Title: Leveraged pendulum - perpetuum mobile simulation works!
Post by: Rapadura on May 11, 2010, 08:31:47 PM
It has started in the other thread:

http://www.overunity.com/index.php?topic=9163.0

But the lack of response in that thread is forcing me to create this new one.

I had created a simulation using PHUN software of a perpetuum mobile that works! Do you understand me?

PHUN is a educational 2D physics simulation software, worldwide known, that received a lot of awards. You can download PHUN here:

http://www.phunland.com/wiki/Download

Well, using PHUN i just created a "leveraged pendulum", that is a kind of "lever" with a stell ball in one of its ends, and this "leveraged pendulum" is a perpetuum mobile. The pendulum simply goes higher at each swing.

I created two versions of the perpetuum mobile, and here are the two YouTube videos of the two simulations:

http://www.youtube.com/watch?v=eyKRF6SH3eU

http://www.youtube.com/watch?v=fEGAqvYzrUM

And I'm posting bellow the .PHZ files that you can run for yourselfs using PHUN on your computers.

Because the size of the files are greater than 300 kb (the maximum file size to upload here at Overunity.com) I had to split the files using WinRar. You can download the two parts and mount the final .PHZ file using WinRar.

The first version (of the first YouTube video) is the file "Leveraged pendulum.phz", that was split by WinRar in the files: "Leveraged pendulum.part1.rar" and "Leveraged pendulum.part2.rar"

The second version of the pendulum (of the second video) is the file "Perpetuum_mobile.phz" that was split in two by WinRar in the files: "Perpetuum_mobile.part1.rar" and "Perpetuum_mobile.part2.rar"

Just to clarify: PHUN simulations don't have WIND. The clouds in the background are just to indicate the simulation speed, that can be regulated by the user. There is air friction in the simulations, but there's no wind.
Title: Re: Leveraged pendulum - perpetuum mobile simulation works!
Post by: Rapadura on May 11, 2010, 08:48:44 PM
For those who don't want to download the .RAR files, I had published the .PHZ files on DriveHQ.

You can do the direct download of the .PHZ files at this links:

http://www.drivehq.com/file/df.aspx/shareID7123548/fileID517573613/Leveraged_pendulum_v1.phz

(First version)

http://www.drivehq.com/file/df.aspx/shareID7123569/fileID517574559/Perpetuum_mobile.phz

(Second version)

There's no excuse to say that "the simulation is fake" or "the YouTube videos are fake": just download the .PHZ files and run on your own computer, using PHUN.
Title: Re: Leveraged pendulum - perpetuum mobile simulation works!
Post by: Rapadura on May 11, 2010, 09:45:37 PM
If someone here is thinking that I will let this thread "die"... Forget it!  I won't...

A working "perpetual motion" simulation in an award winning software won't be ignored.

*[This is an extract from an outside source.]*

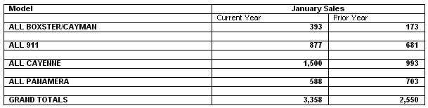 February 1, 201313 yr Porsche Reports Best January Sales Ever; 32 percent increase over last year ATLANTA, Feb. 1, 2013 /PRNewswire/ -- Porsche Cars North America, Inc. (PCNA), importer and distributor of Porsche sports cars, Cayenne SUVs and the Panamera four-door sports sedan line-up in the United States, today announced record January sales of 3,358 vehicles. This compares to 2,550 vehicles sold in January 2012, an increase of 32 percent. The successful month follows Porsche's record-setting year in the U.S., with 35,043 vehicles sold in 2012. The Cayenne SUV and 911 models contributed to the record January, with 1,500 Cayenne units sold (+51% over January 2012) and 877 units of the 911 sold (+28%). The Boxster/Cayman line also enjoyed an impressive performance with 393 units sold, for an increase of 127 percent over last year. "After our best year ever, January's sales record bodes well for 2013," said Detlev von Platen, President and CEO, Porsche Cars North America. "Not only did we deliver our first new 911 Carrera 4 models in January, but we will also launch the new Cayman and Cayenne Turbo S this spring. We'll continue with a robust product rollout during the rest of the year." Porsche Approved Certified Pre-Owned vehicle sales were 857 for January 2013, an increase of 5.5 percent over January 2012 (812).
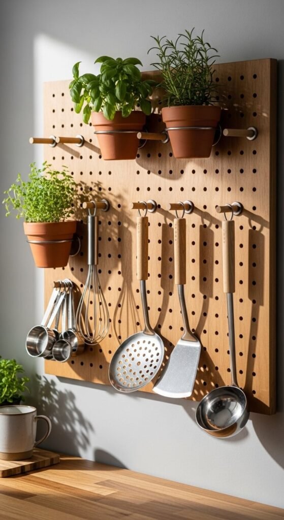 Pegboard isn’t just for garages anymore. Mount a painted pegboard on any empty wall to create customizable storage that adapts as you go. Use it in kitchens for utensils, in bedrooms for jewelry, or in entryways for keys and bags. A 4×8 sheet costs around $15 at hardware stores. Paint it to match your decor, then arrange hooks and shelves however you like. Rearrange pegs anytime without new holes. This system keeps daily items visible and within reach while freeing up drawer and counter space.

No way.
Title: Re: Leveraged pendulum - perpetuum mobile simulation works!
Post by: AB Hammer on May 11, 2010, 10:15:19 PM
Quote from: Rapadura on May 11, 2010, 09:45:37 PM
If someone here is thinking that I will let this thread "die"... Forget it!  I won't...

A working "perpetual motion" simulation in an award winning software won't be ignored. No way.

Rapadura

Looking at your youtube videos looked like you have a wind due to the clouds moving from the left to right. I have done what you are showing to look at effects. In a wind it will rock back and forth, and could spin it. But without it, it will stop. With a simple box fan I can get allot of designs to spin, but they are not runners. Simulations are great for an idea but after seeing several simulations running, I have to see a real test for they quite often are different.

Alan
Title: Re: Leveraged pendulum - perpetuum mobile simulation works!
Post by: Rapadura on May 12, 2010, 06:40:29 AM
Quote from: AB Hammer on May 11, 2010, 10:15:19 PM
Rapadura

Looking at your youtube videos looked like you have a wind due to the clouds moving from the left to right. I have done what you are showing to look at effects. In a wind it will rock back and forth, and could spin it. But without it, it will stop. With a simple box fan I can get allot of designs to spin, but they are not runners. Simulations are great for an idea but after seeing several simulations running, I have to see a real test for they quite often are different.

Alan

NO!!!! Please don't "look to my YouTube videos"!!! Just download PHUN and run the simulation for yourself!!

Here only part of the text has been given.